The recommended tool for analysing BOUT++ output is xBOUT, a Python library that provides analysis, plotting and animation with human-readable syntax (no magic numbers!) using xarray. See the xBOUT documentation xbout.readthedocs.io.

There is also older analysis and post-processing code, the majority written in Python. Routines to read BOUT++ output data, usually called “collect” because it collects data from multiple files, are also available in IDL, Matlab, Mathematica and Octave. All these post-processing routines are in the tools directory, with Python modules in tools/pylib. A summary of available routines is in Python routines; see below for how to install the requirements.

Python routines#

Requirements#

The Python tools provided with BOUT++ make heavy use of numpy and scipy, as well as matplotlib for the plotting routines. In order to read BOUT++ output in Python, you will need either netcdf4.

While we try to ensure that the Python tools are compatible with both Python 2 and 3, we officially only support Python 3.

If you are developing BOUT++, you may also need Jinja2 to edit some of the generated code(see Field2D/Field3D Arithmetic Operators for more information).

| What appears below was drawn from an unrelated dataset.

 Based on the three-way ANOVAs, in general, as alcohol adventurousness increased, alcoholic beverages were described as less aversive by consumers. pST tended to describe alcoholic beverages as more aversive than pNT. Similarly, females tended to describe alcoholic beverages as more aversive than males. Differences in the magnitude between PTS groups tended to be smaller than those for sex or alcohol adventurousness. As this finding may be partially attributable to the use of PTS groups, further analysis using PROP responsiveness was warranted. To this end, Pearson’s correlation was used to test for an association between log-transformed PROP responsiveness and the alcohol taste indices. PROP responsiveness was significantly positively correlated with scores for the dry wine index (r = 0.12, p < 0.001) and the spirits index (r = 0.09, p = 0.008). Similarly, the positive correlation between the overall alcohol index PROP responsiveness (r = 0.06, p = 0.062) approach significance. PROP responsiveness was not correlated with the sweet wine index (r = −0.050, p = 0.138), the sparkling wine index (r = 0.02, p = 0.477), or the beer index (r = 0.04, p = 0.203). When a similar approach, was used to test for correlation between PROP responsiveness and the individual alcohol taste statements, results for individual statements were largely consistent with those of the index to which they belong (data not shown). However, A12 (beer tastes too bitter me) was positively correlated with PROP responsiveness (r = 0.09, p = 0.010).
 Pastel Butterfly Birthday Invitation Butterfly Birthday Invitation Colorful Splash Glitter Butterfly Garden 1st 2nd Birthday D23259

You can install most of the required Python modules by running

$ pip3 install --user --requirement requirements.txt

in the directory where you have unpacked BOUT++. This will install supported versions of numpy, scipy, netcdf4, matplotlib and jinja2.

Note

If you have difficulties installing SciPy, please see their installation instructions

Reading BOUT++ data#

To read data from a BOUT++ simulation into Python, there is a collect routine. This gathers together the data from multiple processors, taking care of the correct layout.

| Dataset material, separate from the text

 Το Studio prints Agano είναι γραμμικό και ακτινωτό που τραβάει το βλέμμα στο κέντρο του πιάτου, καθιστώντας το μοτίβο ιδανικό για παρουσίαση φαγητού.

from boutdata.collect import collect

Ni = collect("Ni")  # Collect the variable "Ni"

The result is an up to 4D array, Ni in this case. The array is a BoutArray object: BoutArray is a wrapper class for Numpy’s ndarray which adds an ‘attributes’ member variable containing a dictionary of attributes. The array is ordered [t,x,y,z]:

>>> Ni.shape
[10,1,2,3]

so Ni would have 10 time slices, 1 point in x, 2 in y, and 3 in z. This should correspond to the grid size used in the simulation. Since the collected data is a NumPy array, all the useful routines in NumPy, SciPy and Matplotlib can be used for further analysis.

The attributes of the data give:

  • the bout_type of the variable

    • {'Field3D_t', 'Field2D_t', 'scalar_t'} for time-evolving variables

    • {'Field3D', 'Field2D', 'scalar'} for time-independent variables

  • its location, one of {'CELL_CENTRE', 'CELL_XLOW', 'CELL_YLOW', 'CELL_ZLOW'}. See Staggered grids.

>>> Ni.attributes("bout_type")
'Field3D_t'
>>> Ni.attributes("location")
'CELL_CENTRE'

Attributes can also be read using the attributes routine:

from boutdata.collect import attributes

attribs = attributes("Ni")

The result is a dictionary (map) of attribute name to attribute value.

If the data has less then 4 dimension, it can be checked with dimension what dimensions are available:

from boutdata.collect import dimension

print(dimension("Ni"))
print(dimension("dx"))

The first will print as expected [t, x, y, z] - while the second will print [x, y] as dx is nether evolved in time, nor does it has a z dependency.

To access both the input options (in the BOUT.inp file) and output data, there is the BoutData class.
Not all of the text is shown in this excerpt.